Stomatitis and pharyngitis have been confirmed, along with hand–foot syndrome, as dose-limiting adverse effects of pegylated liposomal anthracyclines [ ]. Stomatitis was dose-limiting at high single doses over 70 mg/m ² . Similarly, 12 of 35 patients who received pegylated liposomal doxorubicin 50 mg/m ² every 3 weeks for advanced ovarian carcinoma required dose reduction (to 40 mg/m ² ) or treatment delay (to 4 weeks) because of mucositis [ ]. Stomatitis and mucositis are dose-dependent [ ]. In the treatment of Kaposi’s sarcoma in patients with HIV/AIDS, mucositis and stomatitis are rarely problematic and are not dose-limiting. Presumably this is because significantly lower doses of pegylated liposomal doxorubicin are used in these patients.

Nausea and vomiting have been reported but appear to be mild and infrequent adverse effects of pegylated liposomal anthracyclines and liposomal daunorubicin [ , ]. In most patients pegylated liposomal doxorubicin can be given without prophylactic antiemetics. In one study there was only mild nausea and vomiting in eight of 53 patients who had not received prophylactic antiemetics [ ]. Further reviews in patients with AIDS-related Kaposi’s sarcoma have reported nausea and vomiting in 17% and 8% of patients respectively [ ]. Pooled data from 12 phase I and II studies in patients with solid tumors showed that 3.6% of patients had had grade 3/4 nausea or vomiting [ ]. Diarrhea has similarly been recognized as a mild and infrequent adverse effect of pegylated liposomal doxorubicin (three of 53 patients) [ ].
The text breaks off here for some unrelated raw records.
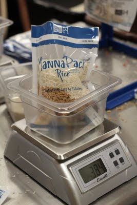 After ingredients are packaged they are weighed.
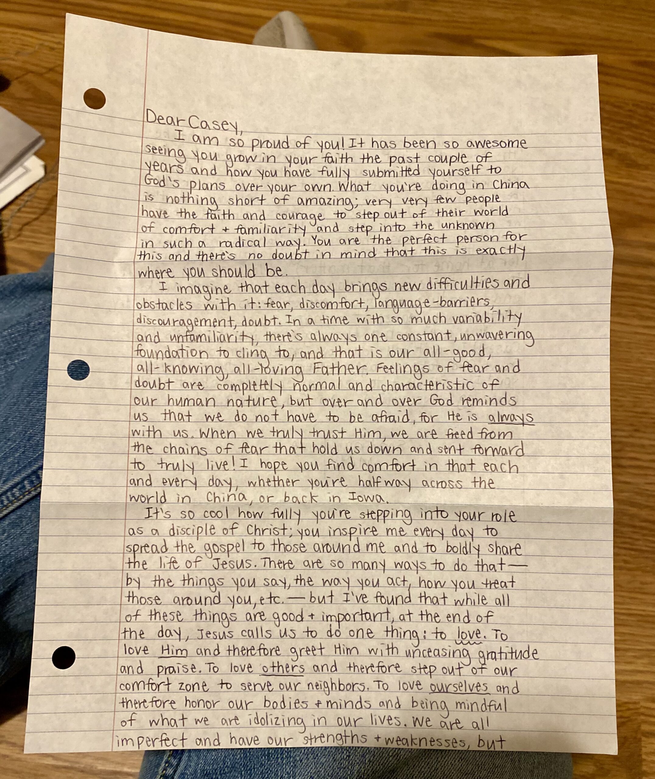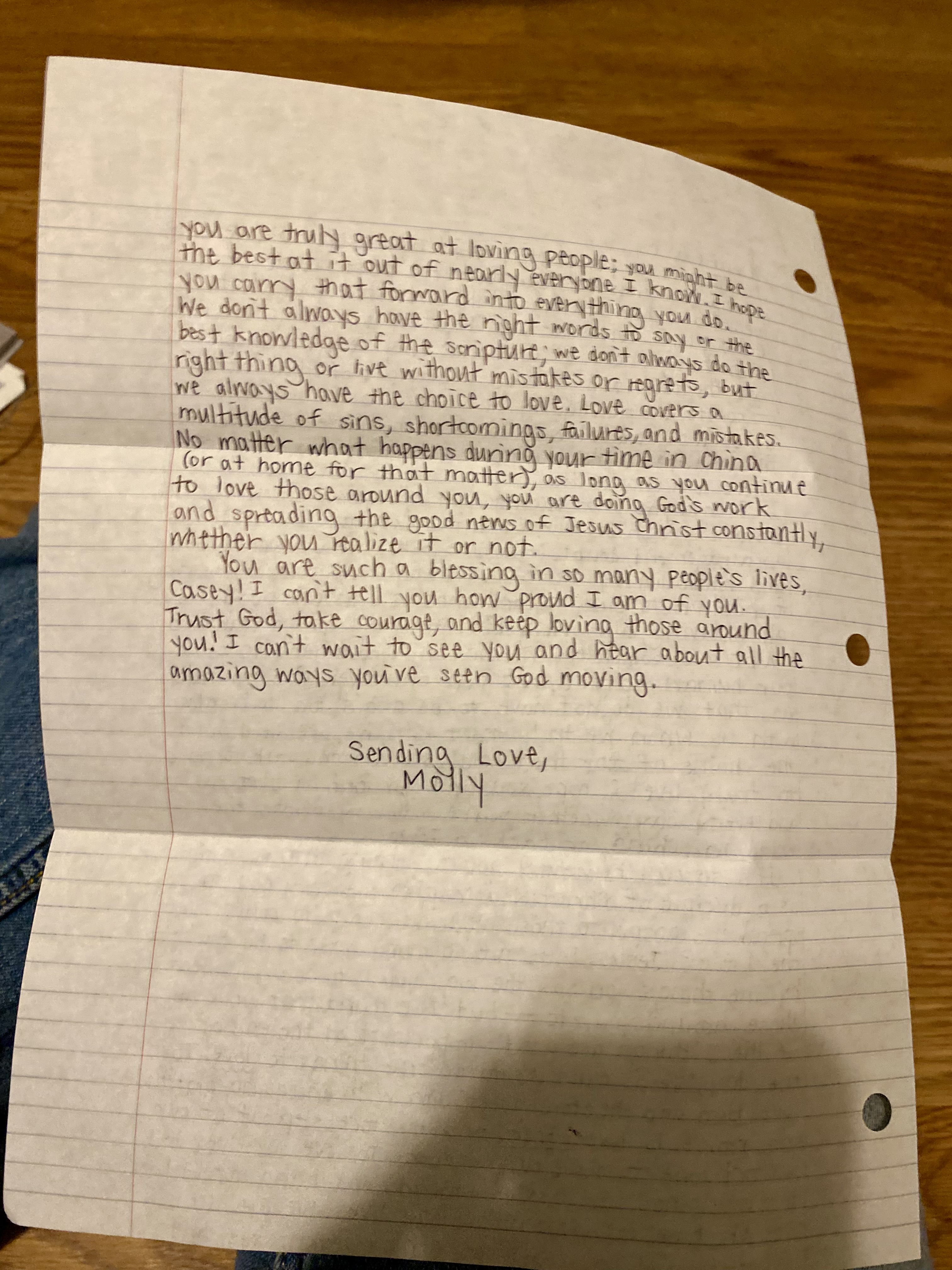 This month, we challenge you to take time to write a note to someone. Reach out to whoever is on your mind or to someone special you haven’t talked with in a while. Take time to compose a text, email, or, better yet, write them a handwritten letter. We recently received a note from one of Molly‘s dear friends, sharing a letter that she had written him. Follow Molly’s example and do the same for someone in your life who might just need it.
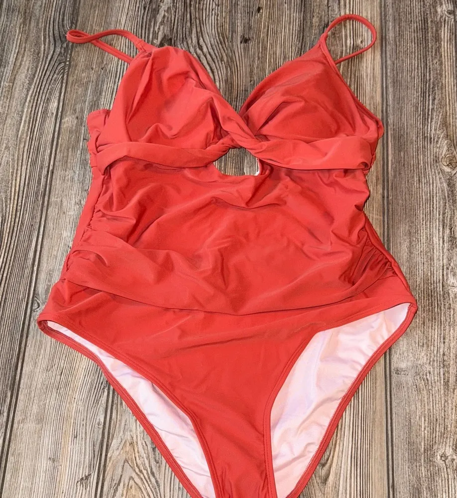Stylish orange one-piece swimsuit with a front cut-out design. Perfect for beach days. Adjustable st... Show more
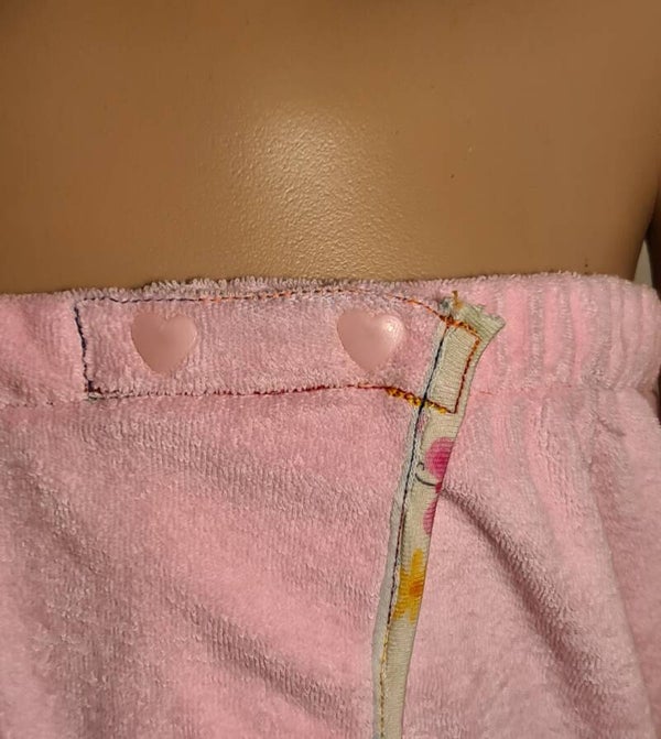 Modell 1 : Rosa Frottee mit 2 Rosa Herzchen Druckknöpfe
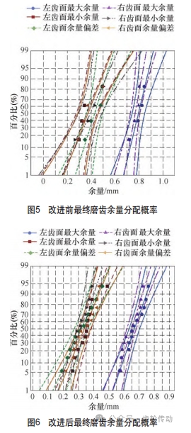 改進前后最終磨齒余量分配概率如圖5、圖6所示。從圖5、圖6可看出,改進后左右齒面最大磨削余量顯著降低,同時左右齒面磨削余量差異度明顯減小,確保了磨削余量滿足觸角的情況下減小磨削燒傷的可能性。
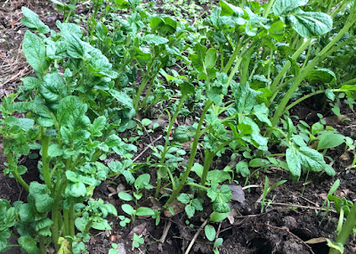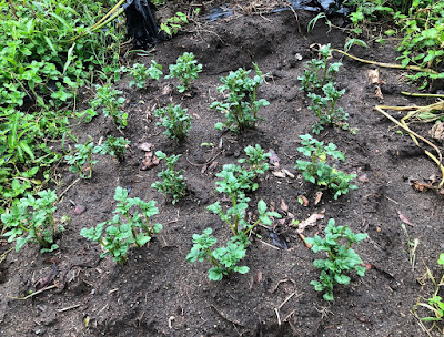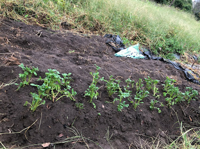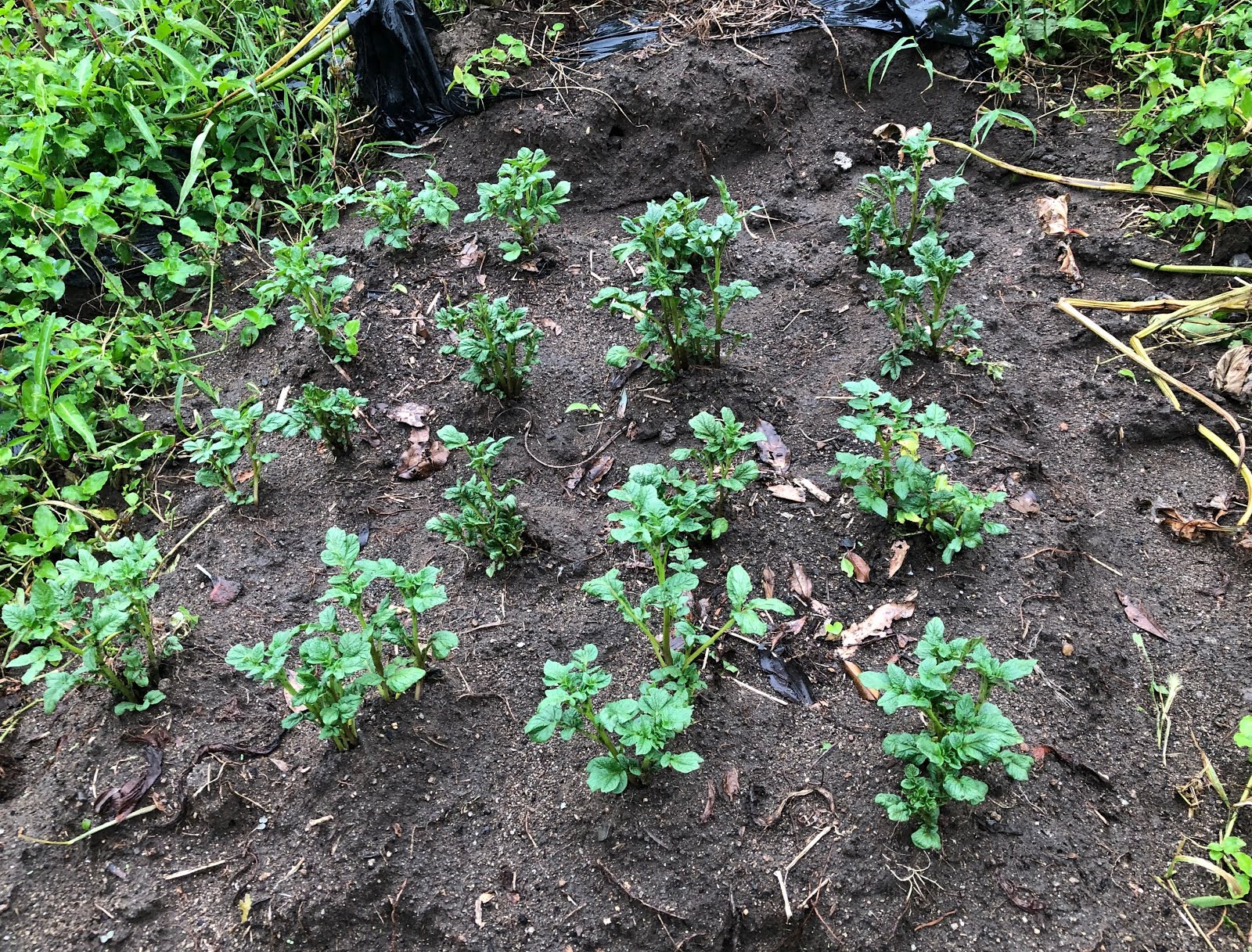 | 今日ヒョロ苗が付いた種芋を全て植え終えたかったが、出来たのは手前の一畝だけ。 出ている苗は5日前に里芋の収穫跡地に移植したものよりかなりヒョロ苗だ。 |

Myocet (75 mg/m ² ) causes significantly less vomiting (11% versus 23%) than conventional free doxorubicin (75 mg/m ² ) [ ]. It also leads to lower peak-free doxorubicin concentrations in the gastrointestinal mucosa compared with conventional doxorubicin, and less gastrointestinal toxicity [ ]. However, high-dose Myocet (135 mg/m ² ) caused grade 4 mucositis in 10 of 52 patients [ ].